C’è una foto che immortala quel momento: con tutto il gruppo siamo ritratti sul balcone del
Municipio già libero. L’edificio è visibilmente danneggiato in più parti per colpa degli attacchi
tedeschi».

Nel suo percorso di giovane partigiano ha incontrato e conosciuto personalità importanti: dal
colonnello Giuseppe Ratti al giurista Paolo Greco, dal futuro vicedirettore La Stampa Carlo
Casalegno all’editore Paolo Boringhieri, dal saggista Franco Antonicelli al politico Vittorio Badini
Confalonieri. E poi ancora don Luigi Cocco, un missionario salesiano che gestiva una delle radio
clandestine partigiane. Per due volte ha rischiato di essere catturato. La prima nel giugno del 1944,
nei giorni dello sbarco in Normandia. Lo avevano praticamente preso, ma approfittò di un momento
di distrazione per scappare, trovando riparo a bordo di un tram.

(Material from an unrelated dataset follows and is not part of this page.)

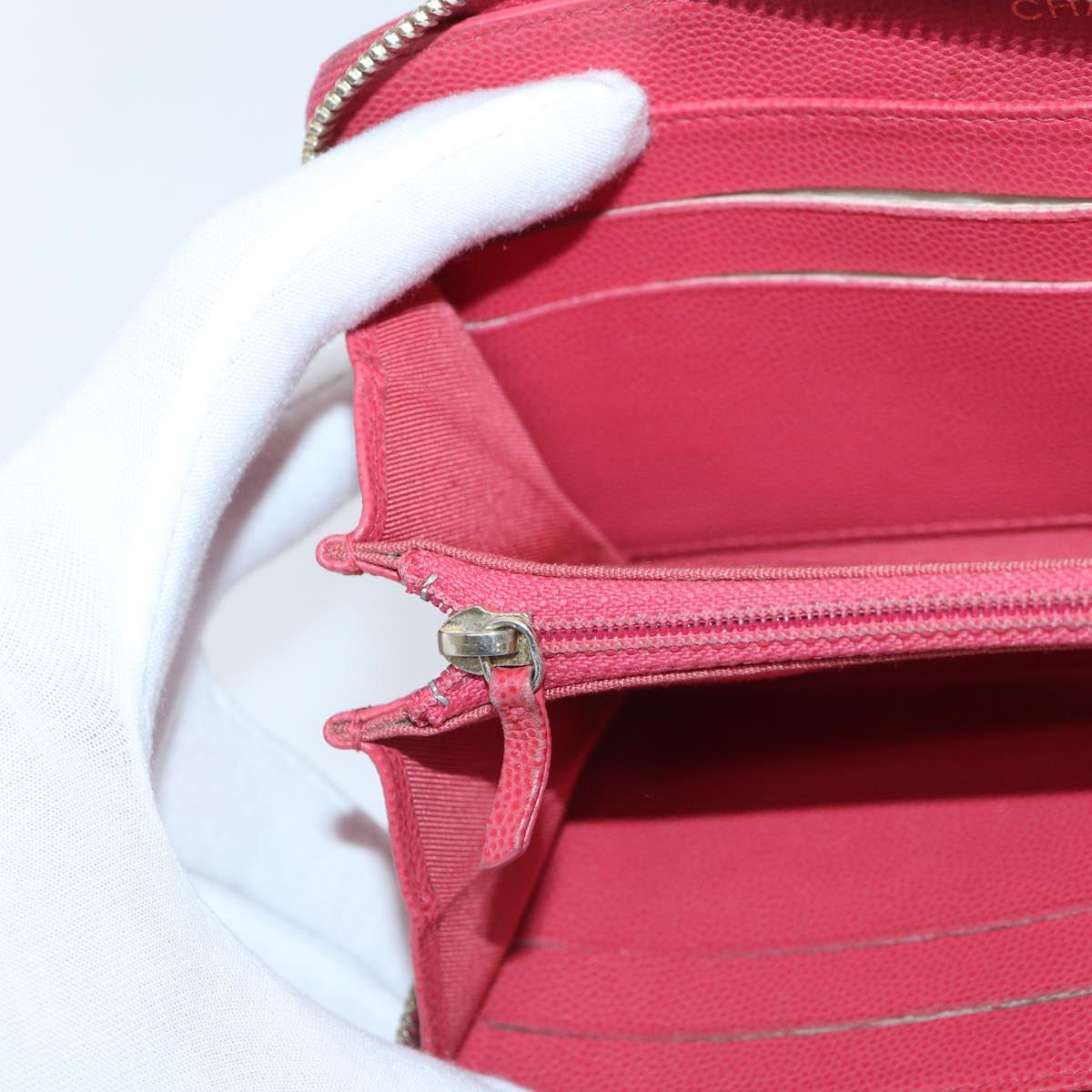 CHANEL Matelasse Long Wallet Caviar Skin Pink Gold CC yk15041

La seconda volta il 21 gennaio 1945: una ragazza repubblichina di 16 anni si era infiltrata facendo
innamorare un membro del suo gruppo. Li denunciò e Cottino riuscì a salvarsi unicamente grazie
alla verduriera sotto casa, che lo aiutò ad essere salvato nell’abitazione di altri torinesi silenziosi,
che lo spacciarono per un loro nipote proveniente dalla Sardegna.